▸ AIM OF THE TASK
Transcribe nothing except the lines below that run from the one with "Lecture in Progress" to the one with "27. Beef Stew Noodle", ends included, and do not copy any picture.

Data records
——

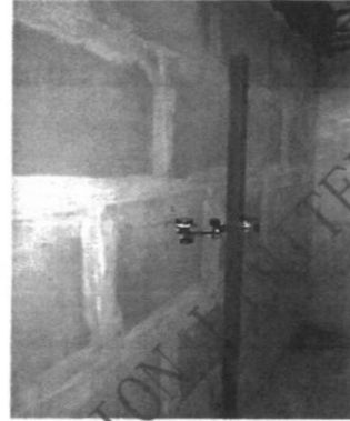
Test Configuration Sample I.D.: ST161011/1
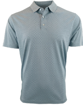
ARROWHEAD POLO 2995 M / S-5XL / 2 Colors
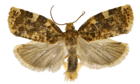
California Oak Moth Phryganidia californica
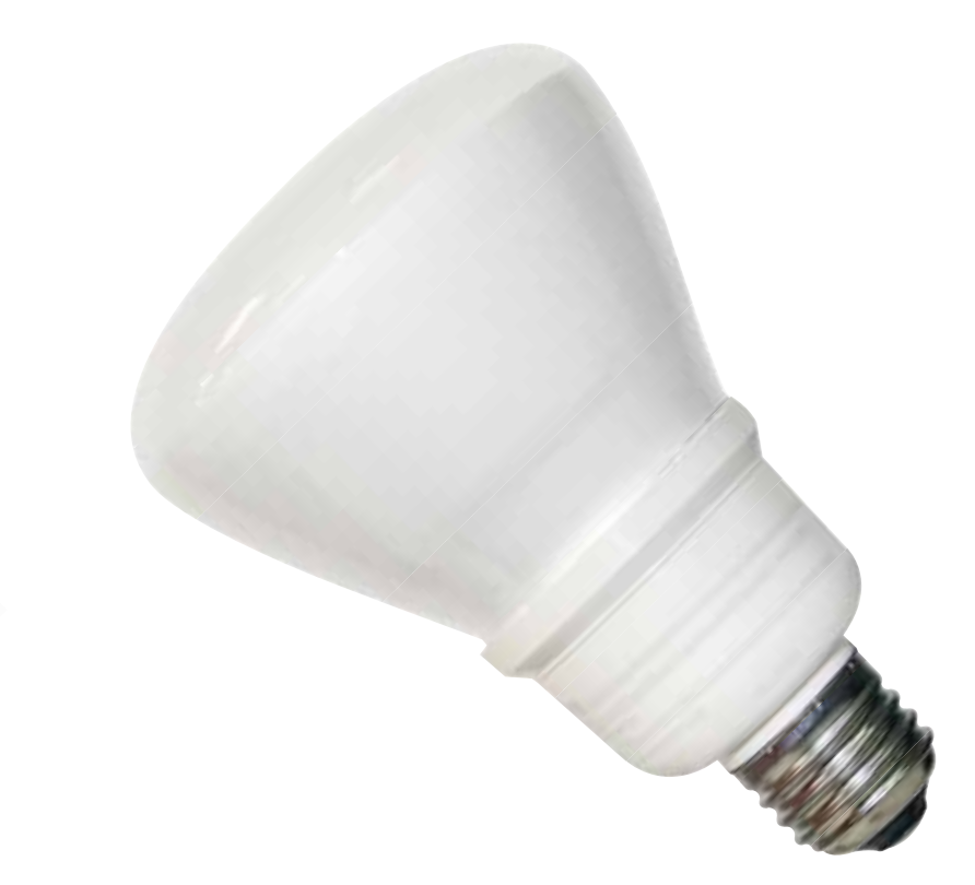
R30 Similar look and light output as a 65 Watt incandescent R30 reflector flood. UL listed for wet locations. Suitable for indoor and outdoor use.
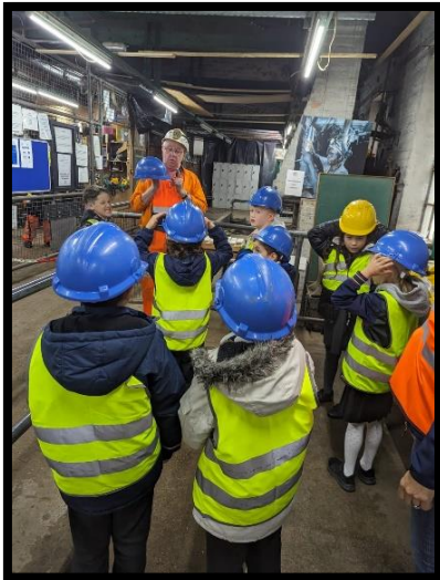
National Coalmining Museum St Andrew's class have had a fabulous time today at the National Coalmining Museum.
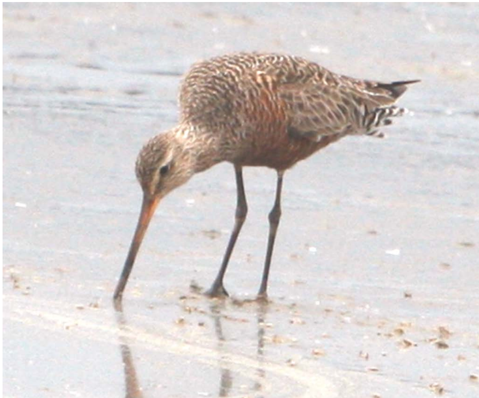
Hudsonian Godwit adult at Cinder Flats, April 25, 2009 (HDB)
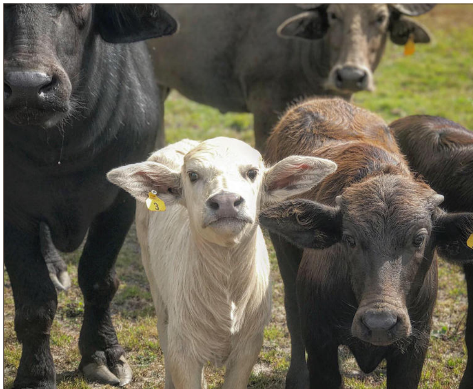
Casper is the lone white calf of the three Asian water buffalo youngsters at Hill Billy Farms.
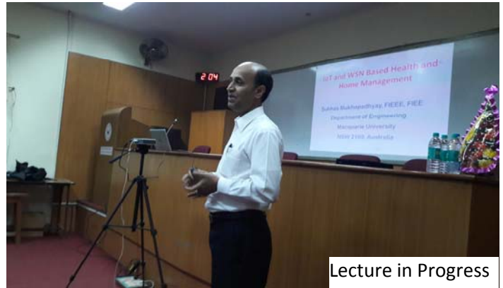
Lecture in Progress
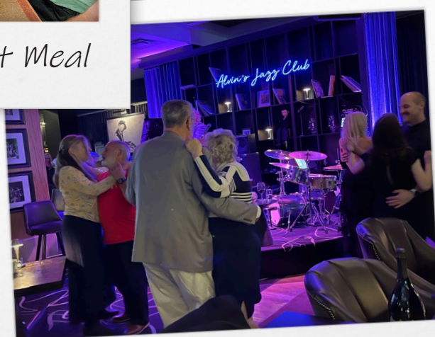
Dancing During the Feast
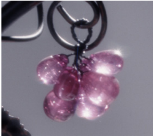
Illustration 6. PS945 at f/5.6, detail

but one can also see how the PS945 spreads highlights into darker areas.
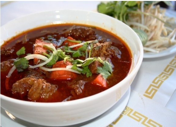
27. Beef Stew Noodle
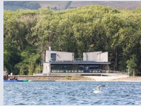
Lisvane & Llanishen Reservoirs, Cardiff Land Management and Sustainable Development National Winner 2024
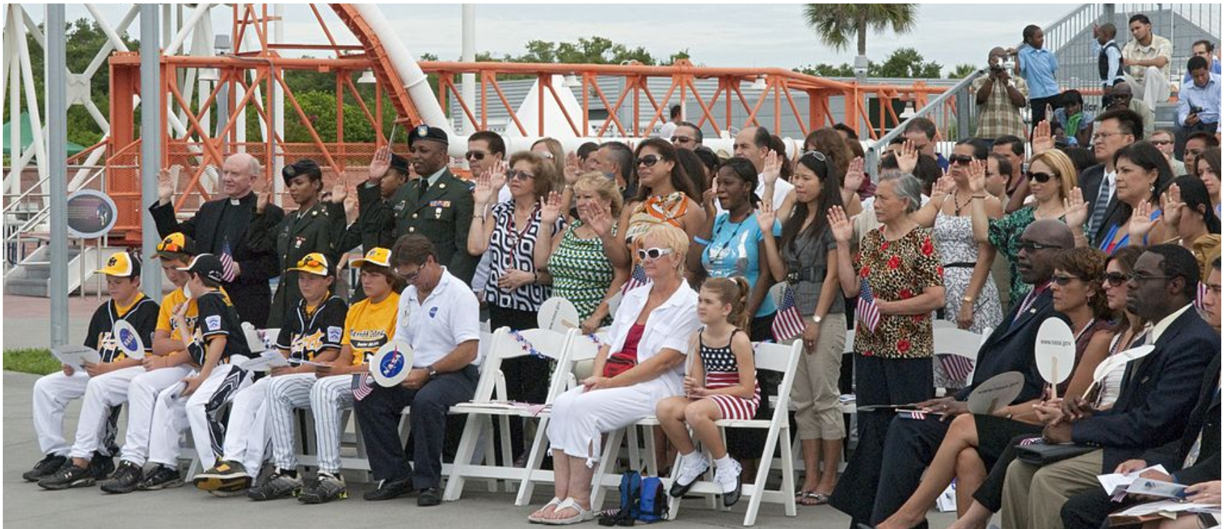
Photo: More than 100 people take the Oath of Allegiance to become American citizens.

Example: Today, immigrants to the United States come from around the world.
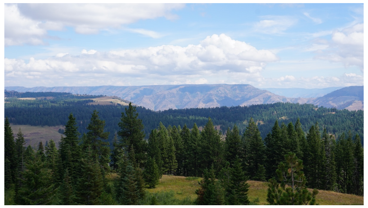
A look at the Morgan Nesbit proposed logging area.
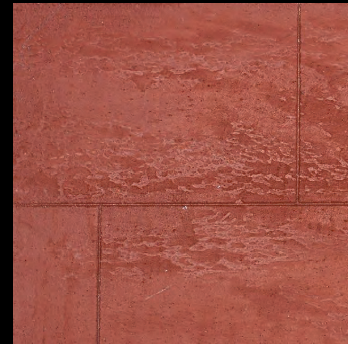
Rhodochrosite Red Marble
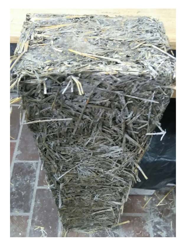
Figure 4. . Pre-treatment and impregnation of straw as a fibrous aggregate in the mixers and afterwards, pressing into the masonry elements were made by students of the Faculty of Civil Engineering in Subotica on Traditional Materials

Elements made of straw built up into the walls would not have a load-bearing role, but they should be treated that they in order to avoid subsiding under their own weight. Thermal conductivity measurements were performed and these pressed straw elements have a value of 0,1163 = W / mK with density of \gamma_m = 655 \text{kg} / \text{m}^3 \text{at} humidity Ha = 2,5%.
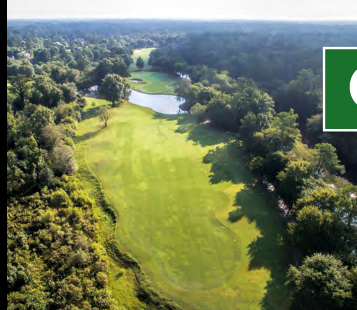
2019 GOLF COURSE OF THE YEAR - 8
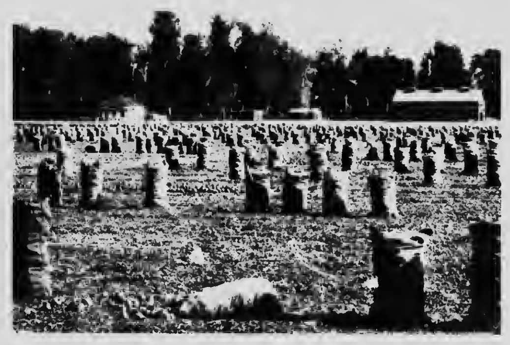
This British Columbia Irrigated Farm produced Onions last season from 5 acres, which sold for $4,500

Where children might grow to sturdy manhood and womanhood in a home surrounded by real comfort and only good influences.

——

▸ SOLUTION FOR THIS PROBLEM
Lecture in Progress
Dancing During the Feast
Illustration 6. PS945 at f/5.6, detail

but one can also see how the PS945 spreads highlights into darker areas.
27. Beef Stew Noodle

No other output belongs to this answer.